> _Activity_
Set the data below down again, exactly, with every picture left out.

> _Records for this exercise_

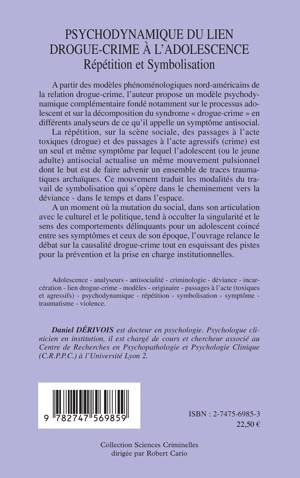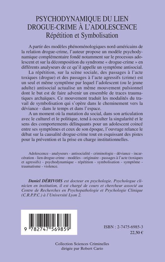 La répétition, sur la scène sociale, des passages à l'acte toxiques (drogue) et des passages à l'acte agressifs (crime) est un seul et même symptôme par lequel l'adolescent antisocial actualise un même mouvement pulsionnel dont le but est de faire advenir un ensemble de traces traumatiques archaïques. Ce mouvement traduit les modalités du travail de symbolisation qui s'opère dans le cheminement vers la déviance - dans le temps et dans l'espace. L'ouvrage relance le débat sur la causalité drogue-crime tout en esquissant des pistes pour la prévention et la prise en charge institutionnelles.
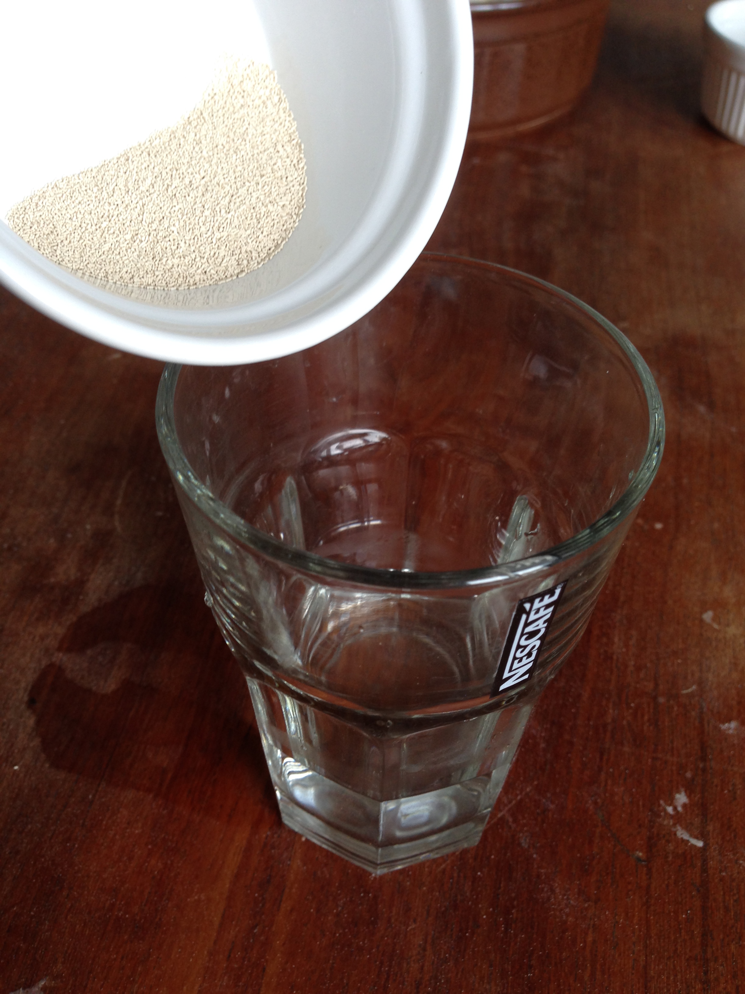1. Pour the yeast inside lukewarm water. Stir a bit and leave it for 15 minutes so that the yeast activates.
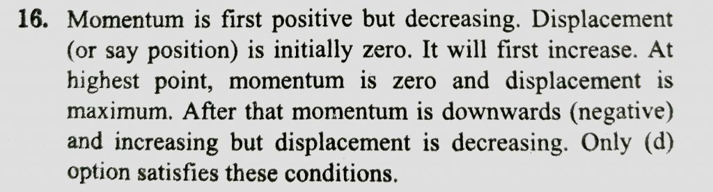 Momentum is first positive but decreasing. Displacement ( or say position ) is initially zero. It will first increase. At highest point, momentum is zero and displacement is maximum. After that momentum is downwards (negative) and increasing but displacement is decreasing. Only (d) option satisfies these conditions.
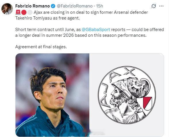罗马诺更新社媒透露:阿贾克斯即将签下前阿森纳后卫富安健洋,他将以自由球员身份加盟。合同为短期合同,至六月到期。据报道,根据本赛季的表现,他可能会在2026年夏季获得一份更长的合同。协议已进入最后阶段 英超联赛 阿森纳著名教授
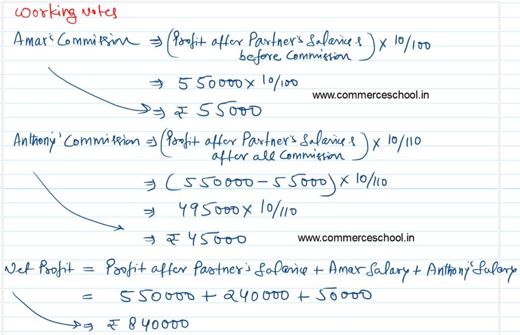 Anthony is entitled to a salary of ₹ 50,000 p.a. and a commission of 10% of the net profit after charging salary and all commissions.
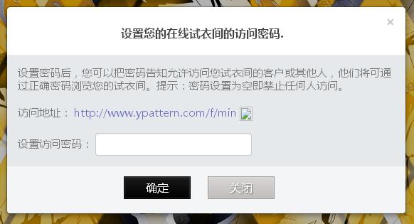 7.當(dāng)你上傳的花型是想給你的客戶看時(shí),你還可以設(shè)置你試衣間的密碼。你試衣間的訪問(wèn)地址就是彈出框的地址,密碼就是你剛剛設(shè)置的。只要你將這個(gè)試衣間的地址和密碼告訴你的客戶,你的客戶就可以很方便的看到你的花型并能更真實(shí)體驗(yàn)在產(chǎn)品上的效果。
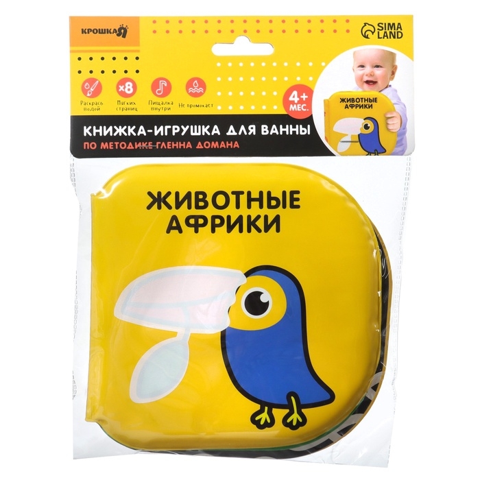 Книжка - игрушка для ванны Крошка Я «Животные Африки», водная раскраска, по методике Гленна Домана
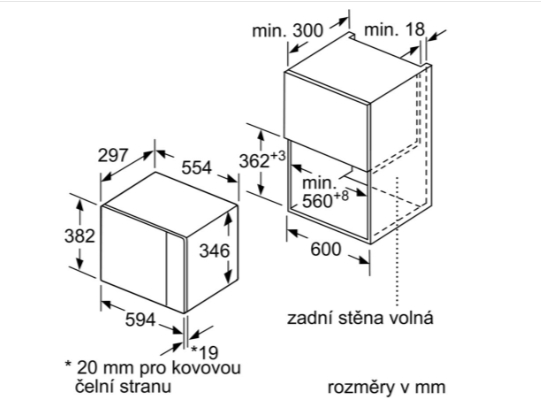 rozměry niky (v x š x h): 362 mm - 365 mm x 560 mm - 568 mm x 300 mm
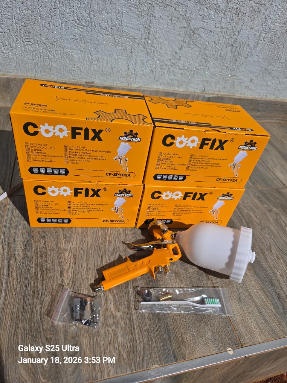 The Coofix Spray Gun 0.6L is a practical and efficient pneumatic painting tool designed for delivering smooth, even coatings across a variety of surfaces. With a 0.6-liter paint cup, it is well-suited for medium-sized painting jobs such as furniture finishing, automotive work, and general workshop applications.
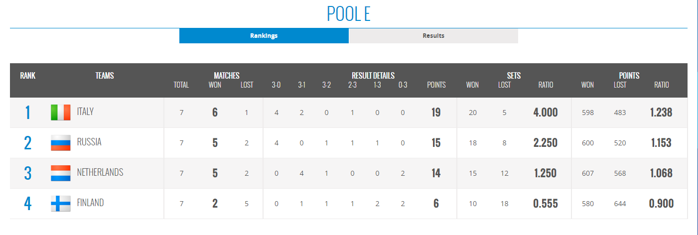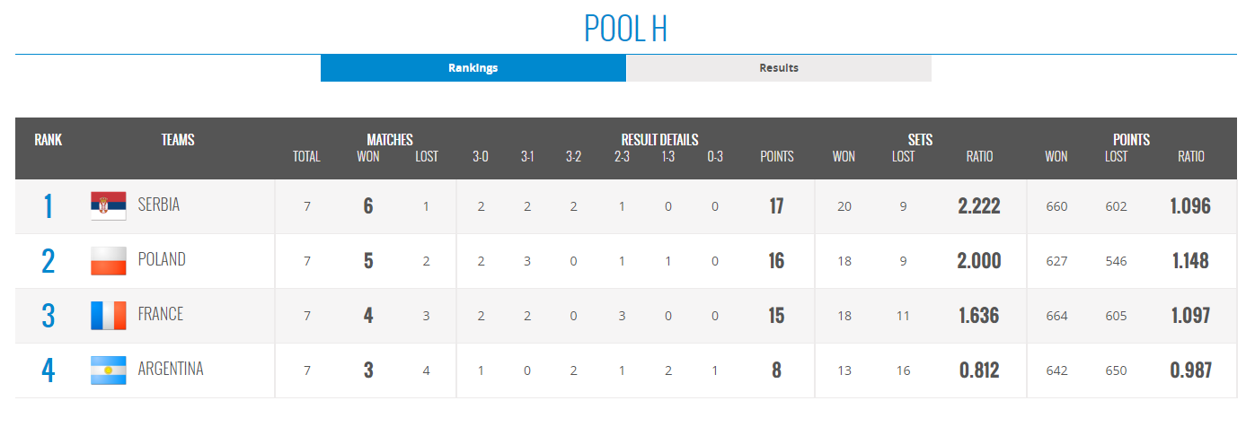 Servië won gisteren met 3-0 van Argentinië en staat daarmee op dit moment eerste in Poule H met 17 punten. Polen, dat met 1-3 verloor van Frankrijk, staat tweede met 16 punten. De Fransen staan derde met 15 punten en maken theoretisch nog steeds kans op een plek bij de laatste zes. Dan zal het vandaag wel tegen Argentinië moeten winnen. De Serven zijn, wat er ook gebeurt, door. De wedstrijd tussen Servië en Polen gaat om de eerste plek, maar Polen zou als het verliest ook nog derde kunnen worden.
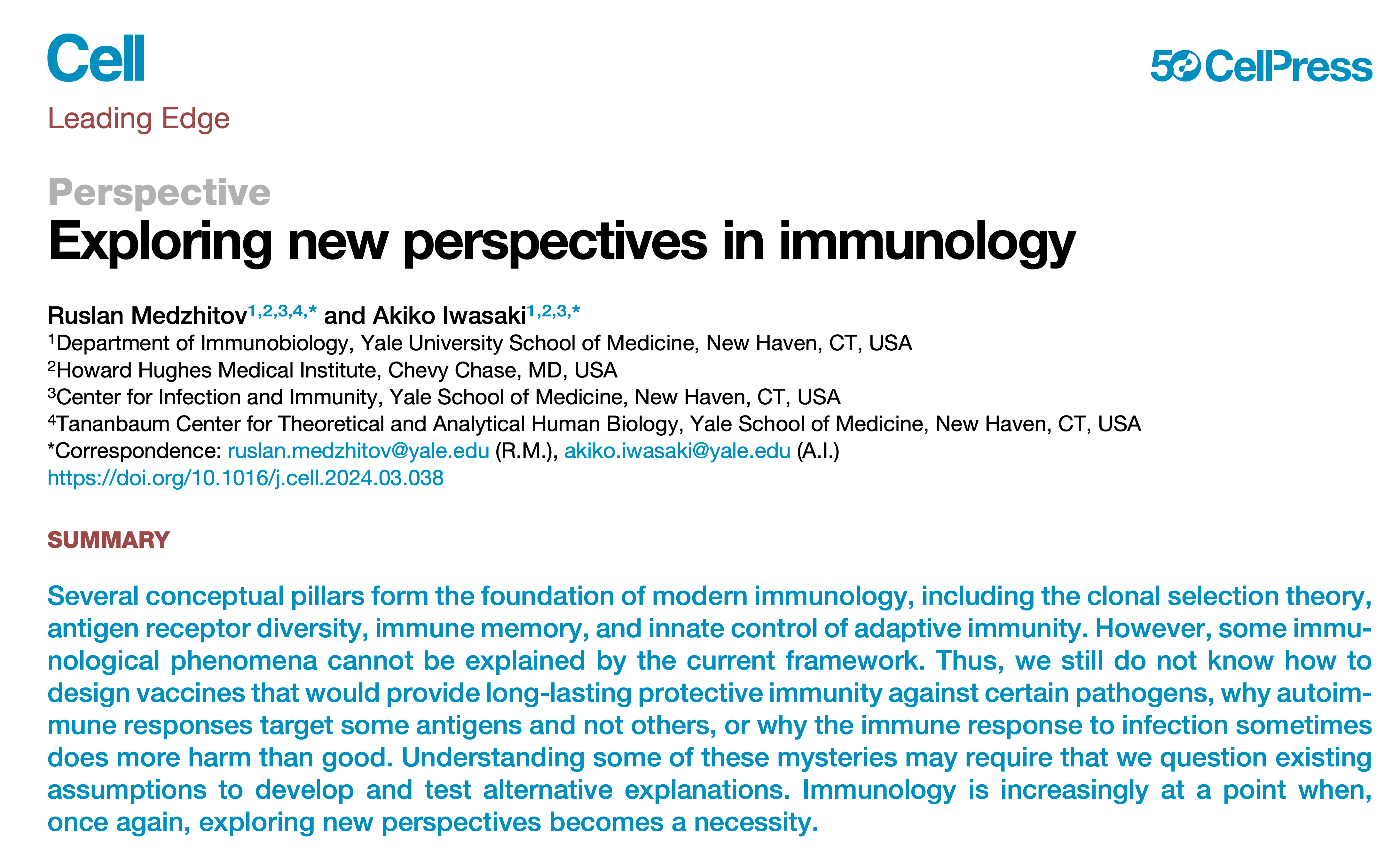 Yeah, so my husband Ruslan Medzhitov is a very famous immunologist who's in the same department, and we've written four or five review and opinion pieces together over the years. This new one is in Cell and it's really exploring new perspectives in immunology. We were asked by the editors to celebrate the 50th anniversary of the Cell journal with a perspective on the immune system. And the immune response is just a beautiful system that is triggered in response to specific pathogens and can really provide long-term or even sometimes lifelong immunity and resistance against pathogens and it really saves our lives. Much has been learned throughout the last 20, 30 years about the innate and adaptive immune system and how they're linked. In this new perspective, we are trying to raise some issues that the current paradigm cannot explain properly, some of the mysteries that are still remaining in the immune system.

> _Your solution_
 La répétition, sur la scène sociale, des passages à l'acte toxiques (drogue) et des passages à l'acte agressifs (crime) est un seul et même symptôme par lequel l'adolescent antisocial actualise un même mouvement pulsionnel dont le but est de faire advenir un ensemble de traces traumatiques archaïques. Ce mouvement traduit les modalités du travail de symbolisation qui s'opère dans le cheminement vers la déviance - dans le temps et dans l'espace. L'ouvrage relance le débat sur la causalité drogue-crime tout en esquissant des pistes pour la prévention et la prise en charge institutionnelles.
1. Pour the yeast inside lukewarm water. Stir a bit and leave it for 15 minutes so that the yeast activates.
 Momentum is first positive but decreasing. Displacement ( or say position ) is initially zero. It will first increase. At highest point, momentum is zero and displacement is maximum. After that momentum is downwards (negative) and increasing but displacement is decreasing. Only (d) option satisfies these conditions.
罗马诺更新社媒透露:阿贾克斯即将签下前阿森纳后卫富安健洋,他将以自由球员身份加盟。合同为短期合同,至六月到期。据报道,根据本赛季的表现,他可能会在2026年夏季获得一份更长的合同。协议已进入最后阶段 英超联赛 阿森纳著名教授
 Anthony is entitled to a salary of ₹ 50,000 p.a. and a commission of 10% of the net profit after charging salary and all commissions.
 7.當(dāng)你上傳的花型是想給你的客戶看時(shí),你還可以設(shè)置你試衣間的密碼。你試衣間的訪問(wèn)地址就是彈出框的地址,密碼就是你剛剛設(shè)置的。只要你將這個(gè)試衣間的地址和密碼告訴你的客戶,你的客戶就可以很方便的看到你的花型并能更真實(shí)體驗(yàn)在產(chǎn)品上的效果。
 Книжка - игрушка для ванны Крошка Я «Животные Африки», водная раскраска, по методике Гленна Домана
 rozměry niky (v x š x h): 362 mm - 365 mm x 560 mm - 568 mm x 300 mm
 The Coofix Spray Gun 0.6L is a practical and efficient pneumatic painting tool designed for delivering smooth, even coatings across a variety of surfaces. With a 0.6-liter paint cup, it is well-suited for medium-sized painting jobs such as furniture finishing, automotive work, and general workshop applications.
 Servië won gisteren met 3-0 van Argentinië en staat daarmee op dit moment eerste in Poule H met 17 punten. Polen, dat met 1-3 verloor van Frankrijk, staat tweede met 16 punten. De Fransen staan derde met 15 punten en maken theoretisch nog steeds kans op een plek bij de laatste zes. Dan zal het vandaag wel tegen Argentinië moeten winnen. De Serven zijn, wat er ook gebeurt, door. De wedstrijd tussen Servië en Polen gaat om de eerste plek, maar Polen zou als het verliest ook nog derde kunnen worden.
 Yeah, so my husband Ruslan Medzhitov is a very famous immunologist who's in the same department, and we've written four or five review and opinion pieces together over the years. This new one is in Cell and it's really exploring new perspectives in immunology. We were asked by the editors to celebrate the 50th anniversary of the Cell journal with a perspective on the immune system. And the immune response is just a beautiful system that is triggered in response to specific pathogens and can really provide long-term or even sometimes lifelong immunity and resistance against pathogens and it really saves our lives. Much has been learned throughout the last 20, 30 years about the innate and adaptive immune system and how they're linked. In this new perspective, we are trying to raise some issues that the current paradigm cannot explain properly, some of the mysteries that are still remaining in the immune system.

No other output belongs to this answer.